About this exercise
Give the entries back exactly as they stand, but without pictures.

- Opening Delimiter -

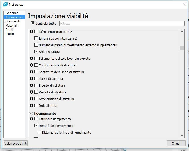 Da una discussione aperta sul Forum DueGi ho scoperto l'esistenza della funzione 'stiratura' nel software di 'slicing' Cura: tramite questa funzione ( ironing in inglese ) viene eseguita al termine della deposizione degli strati una ulteriore passata a maglie molto strette senza apporto di materiale, ma con l'estrusore ben caldo con l'effetto di spianare le crestine tipiche delle FDM.
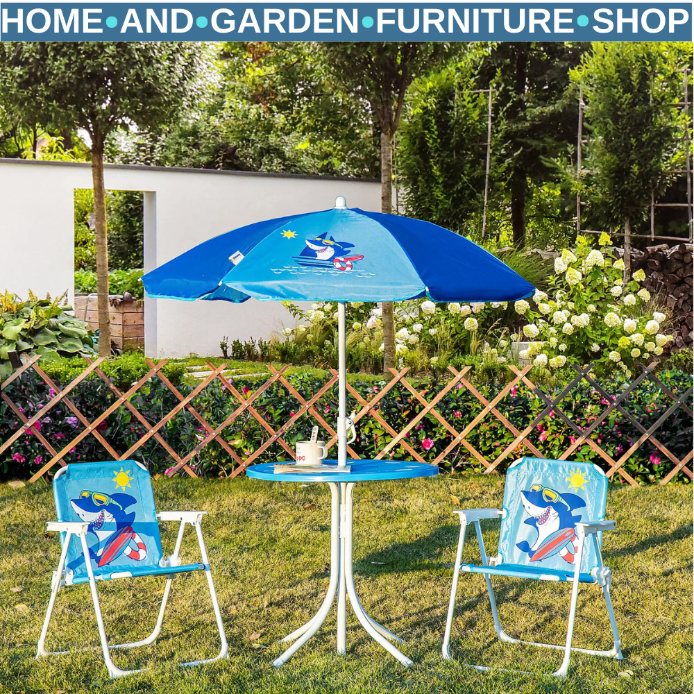 Children's 4-Piece Foldable Garden Set with Table, Chairs, and Parasol Blue
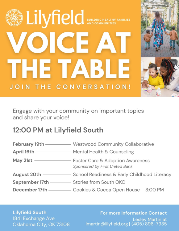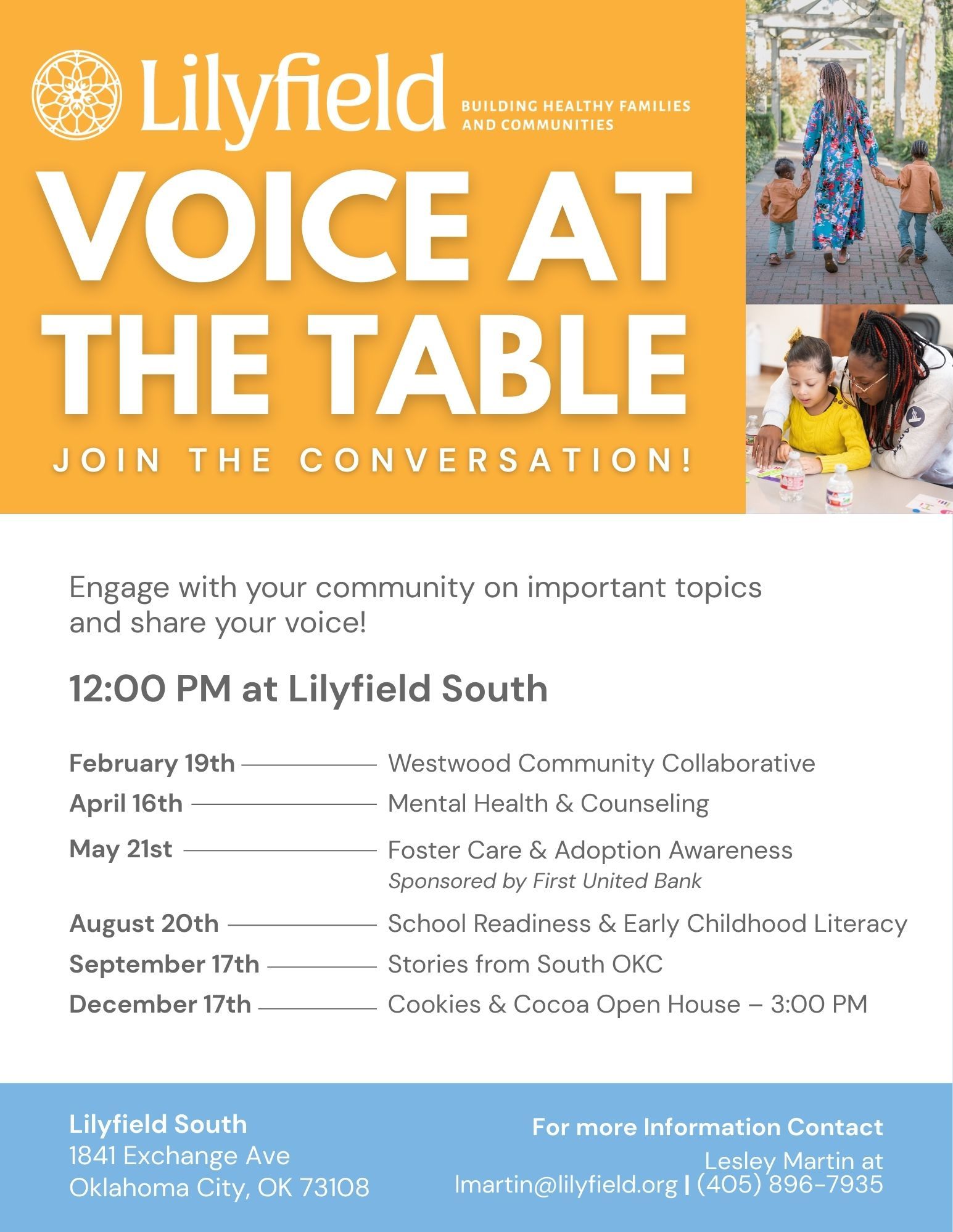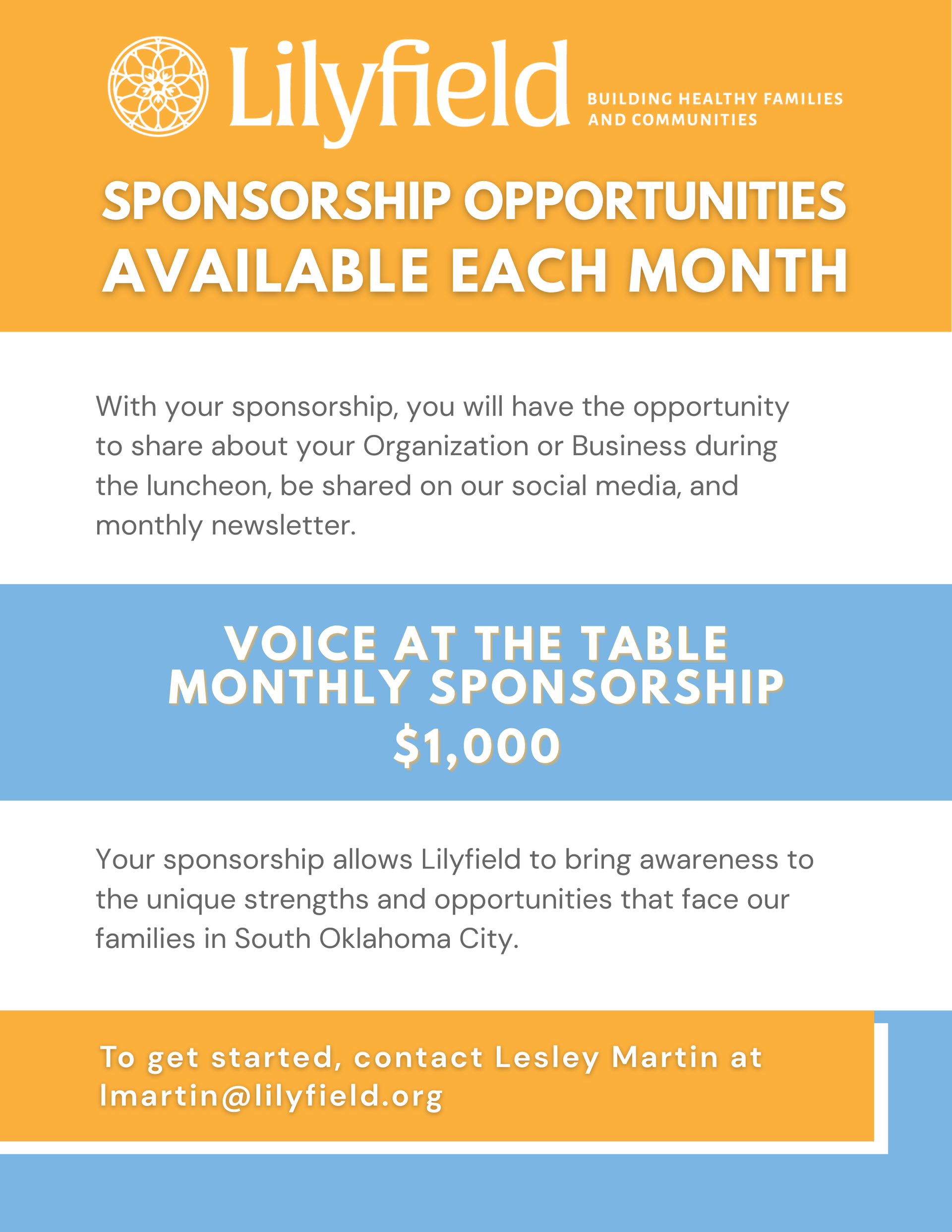 Contact 405-216-5240 or lmartin@lilyfield.org for more information.
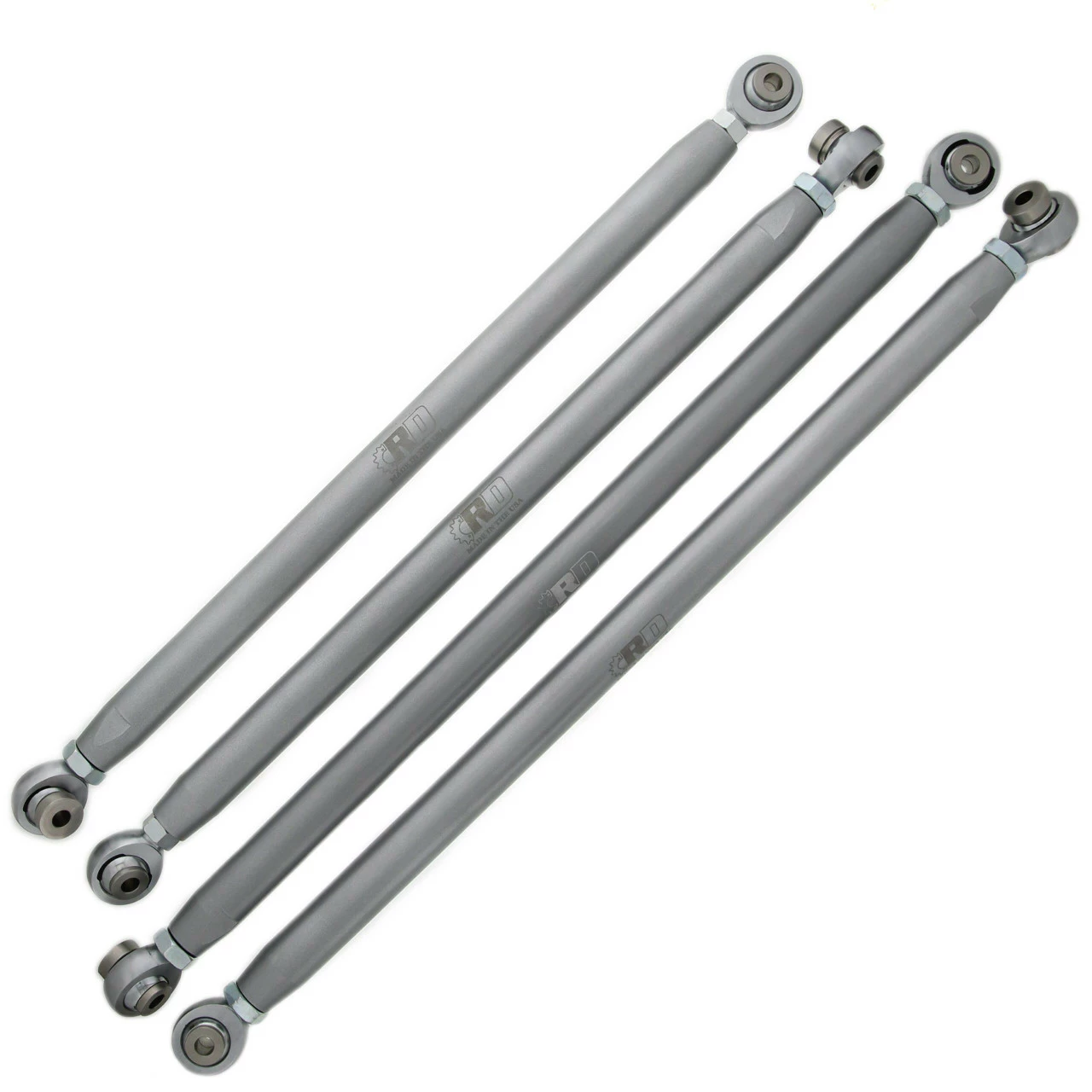 All NEW Race-Driven Silver 1.125” Diameter 6061 Billet Aluminum Radius Rods with 4130 Chromoly rod ends that are heat treated for maximum strength that have self-lubricating and self sealing Nylafiber matrix race. You will receive 2 upper and 2 lower rods that will fit: 2011-2014 Polaris RZR XP 900/900-4. We manufacture the high-quality stainless-steel spacers to very tight tolerances for the best fit. These will outlast the weak aluminum spacers other companies use. These Rods have been quality powder coated by us in house, so custom colors are available upon request (extra charge for custom colors) These Rods are designed to withstand anything you can throw at them and are made to last Designed to perfectly fit and replace the thin and weak OEM stock Rods. Must use stock mounting hardware. Proudly made in the USA in Escanaba Michigan with a lifetime limited warranty* on non-wearable parts. *Not valid on machines with tires over 32″. May not work with some bumpers.
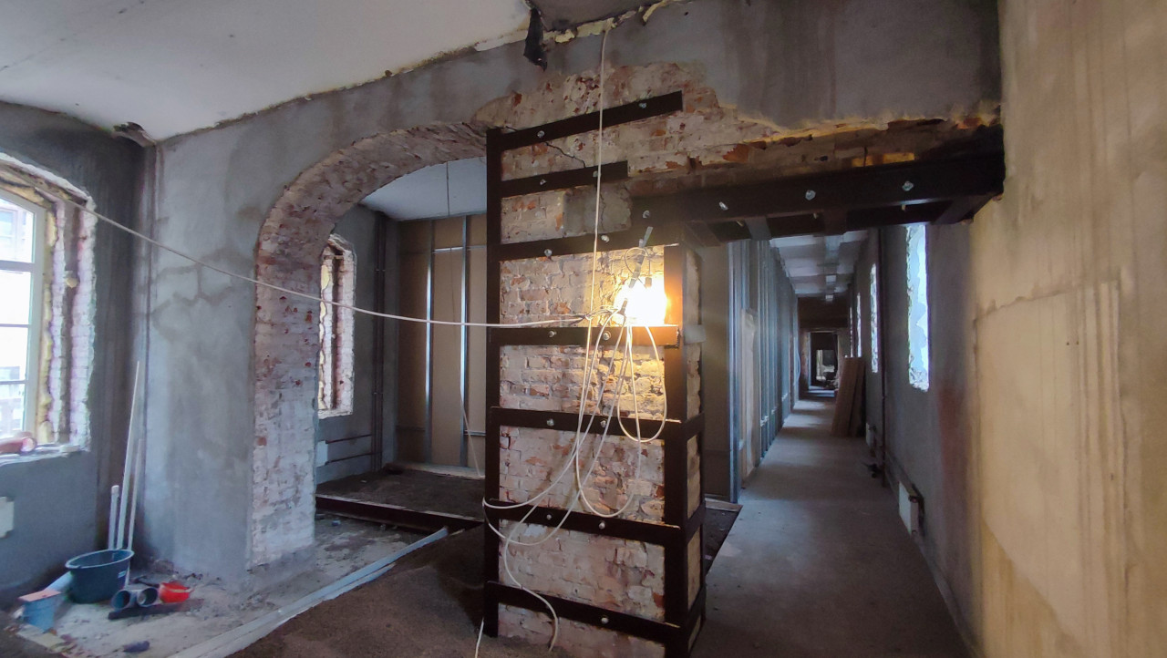 На фото показан процесс реставрации и усиления кирпичных стен и арочных проемов в старом здании с видимыми элементами кладки и временной электропроводкой. Используются металлические балки и анкерные крепления для укрепления несущей конструкции. Снимок сделан в помещении с высокими потолками и длинным коридором, характерным для дореволюционных построек конца XIX века. Фото подходит для иллюстрации строительных и реставрационных работ, архитектурного наследия и инженерных решений.
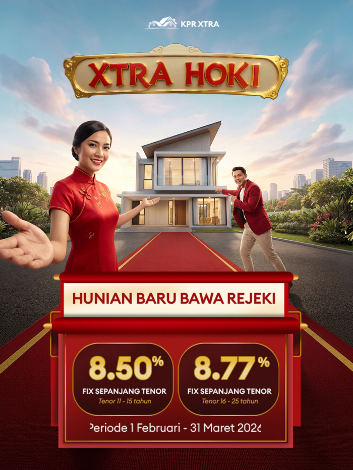 Jangan tunda lagi untuk raih HOKI 2026 di rumah baru, ajukan KPR Xtra sekarang!
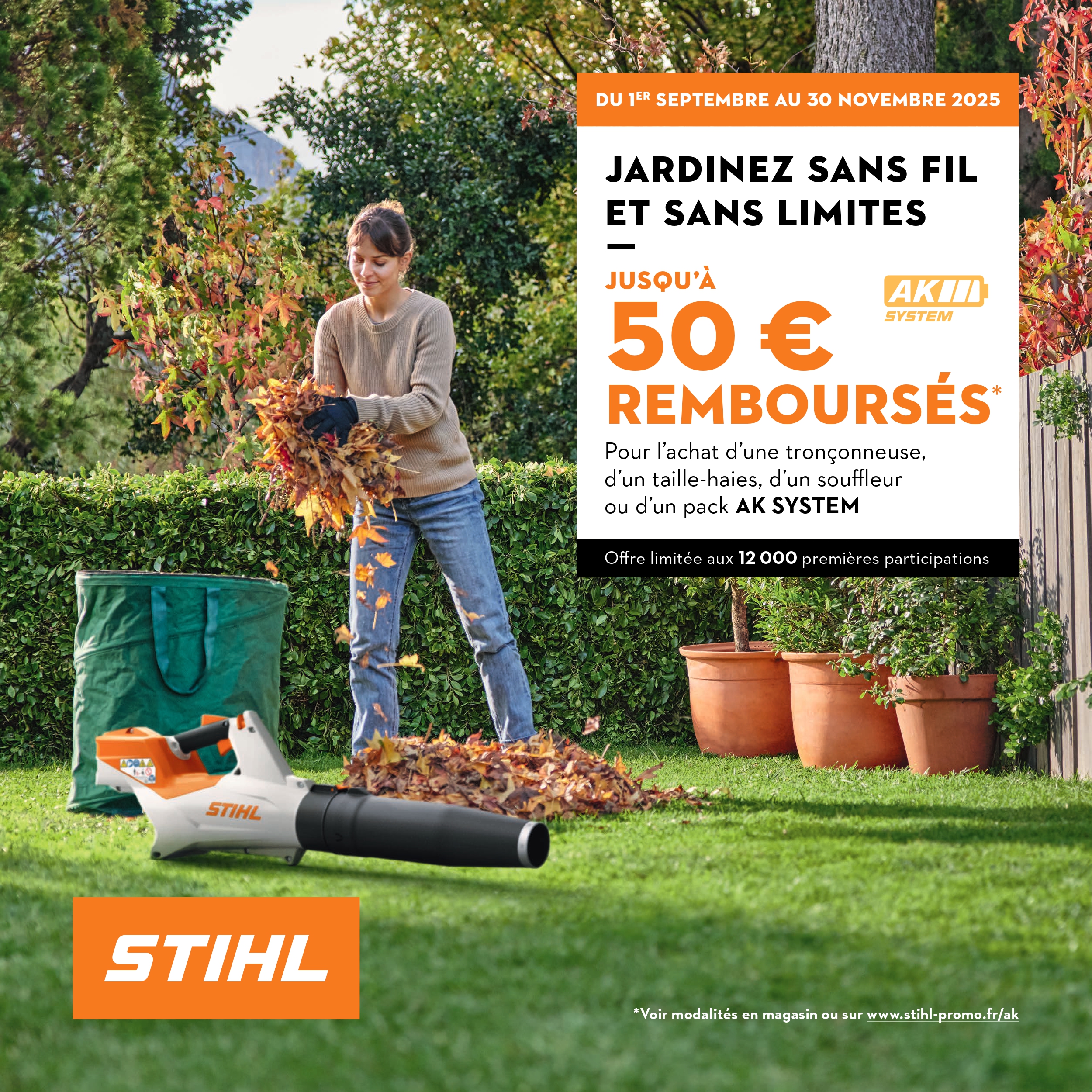 * Montant variable selon le type de produit éligible. Voir modalités en magasin ou sur stihl-promo.fr/ak

- Closing Delimiter -

Your solution
 Da una discussione aperta sul Forum DueGi ho scoperto l'esistenza della funzione 'stiratura' nel software di 'slicing' Cura: tramite questa funzione ( ironing in inglese ) viene eseguita al termine della deposizione degli strati una ulteriore passata a maglie molto strette senza apporto di materiale, ma con l'estrusore ben caldo con l'effetto di spianare le crestine tipiche delle FDM.
 Children's 4-Piece Foldable Garden Set with Table, Chairs, and Parasol Blue
 Contact 405-216-5240 or lmartin@lilyfield.org for more information.
 All NEW Race-Driven Silver 1.125” Diameter 6061 Billet Aluminum Radius Rods with 4130 Chromoly rod ends that are heat treated for maximum strength that have self-lubricating and self sealing Nylafiber matrix race. You will receive 2 upper and 2 lower rods that will fit: 2011-2014 Polaris RZR XP 900/900-4. We manufacture the high-quality stainless-steel spacers to very tight tolerances for the best fit. These will outlast the weak aluminum spacers other companies use. These Rods have been quality powder coated by us in house, so custom colors are available upon request (extra charge for custom colors) These Rods are designed to withstand anything you can throw at them and are made to last Designed to perfectly fit and replace the thin and weak OEM stock Rods. Must use stock mounting hardware. Proudly made in the USA in Escanaba Michigan with a lifetime limited warranty* on non-wearable parts. *Not valid on machines with tires over 32″. May not work with some bumpers.
 На фото показан процесс реставрации и усиления кирпичных стен и арочных проемов в старом здании с видимыми элементами кладки и временной электропроводкой. Используются металлические балки и анкерные крепления для укрепления несущей конструкции. Снимок сделан в помещении с высокими потолками и длинным коридором, характерным для дореволюционных построек конца XIX века. Фото подходит для иллюстрации строительных и реставрационных работ, архитектурного наследия и инженерных решений.
 Jangan tunda lagi untuk raih HOKI 2026 di rumah baru, ajukan KPR Xtra sekarang!
 * Montant variable selon le type de produit éligible. Voir modalités en magasin ou sur stihl-promo.fr/ak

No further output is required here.